#### [WHAT NEEDS TO BE DONE]
Every line below is to be set down again exactly; any image stays out.

#### [INFORMATION SUPPLIED]
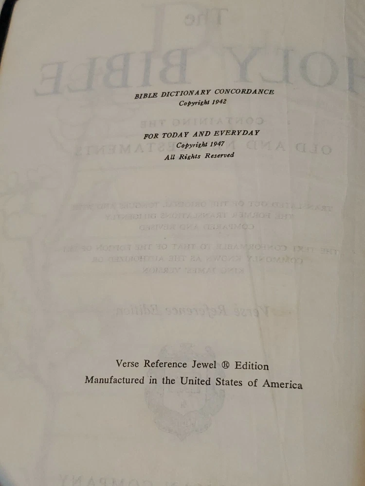 Holman The Holy Bible 1947 Concordance Verse Reference Jewel Ed. Genuine Leather. SKU BK-4
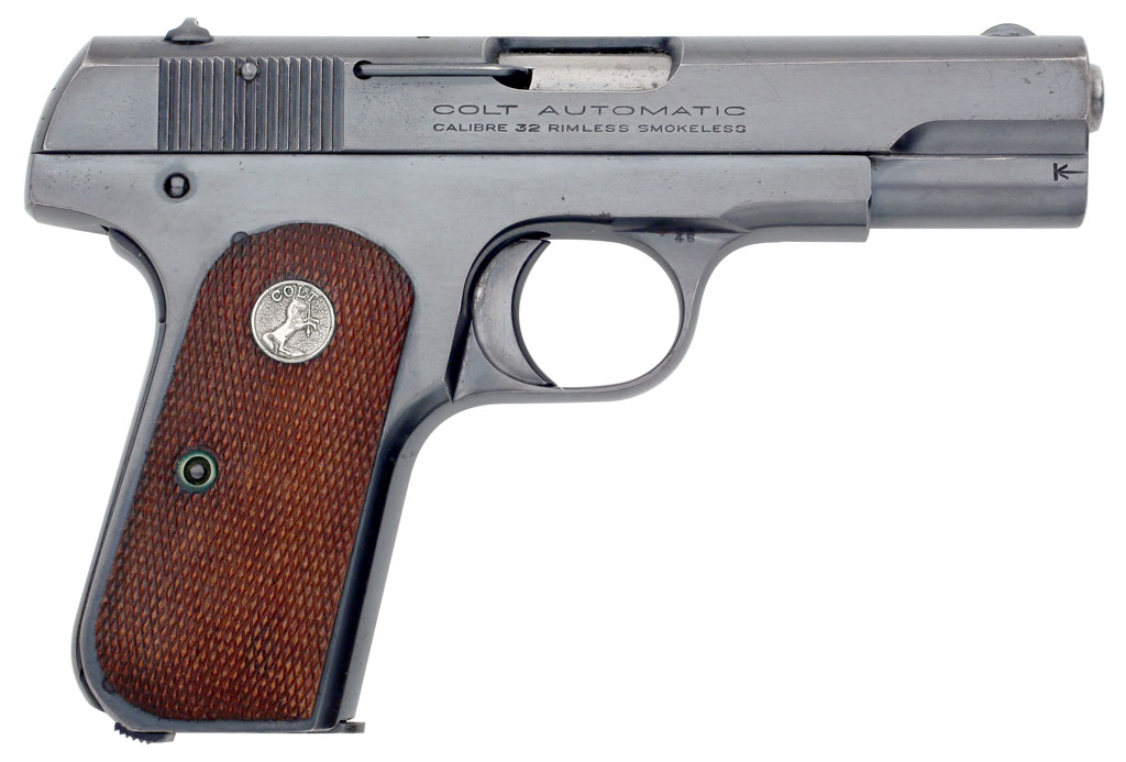 Colt Pocket Hammerless 1903 .32 ACP serial number 455504 (ca. 1924) - Right side This early forward facing flush medallion variation transitioned quickly to Colt's moving to a single style medallion, where the left medallion faces the muzzle and the right medallion faces the rear of the pistol. This was a time saving measure in production since the stock makers only had to worry about fitting one style of medallion. The detail of the flush medallion also evolved over time showing less stippling adjacent to the Rampant Colt on the medallion. The profile of these stocks was also changes which eliminated the point at the toe. |
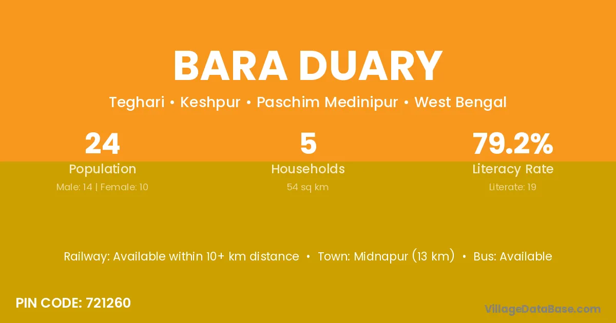 Midnapur (13 km) is the nearest town to Bara Duary village for major economic activities and is located approximately 13 km away.

#### [WRITTEN SOLUTION]
 Holman The Holy Bible 1947 Concordance Verse Reference Jewel Ed. Genuine Leather. SKU BK-4
 Colt Pocket Hammerless 1903 .32 ACP serial number 455504 (ca. 1924) - Right side This early forward facing flush medallion variation transitioned quickly to Colt's moving to a single style medallion, where the left medallion faces the muzzle and the right medallion faces the rear of the pistol. This was a time saving measure in production since the stock makers only had to worry about fitting one style of medallion. The detail of the flush medallion also evolved over time showing less stippling adjacent to the Rampant Colt on the medallion. The profile of these stocks was also changes which eliminated the point at the toe. |
 Midnapur (13 km) is the nearest town to Bara Duary village for major economic activities and is located approximately 13 km away.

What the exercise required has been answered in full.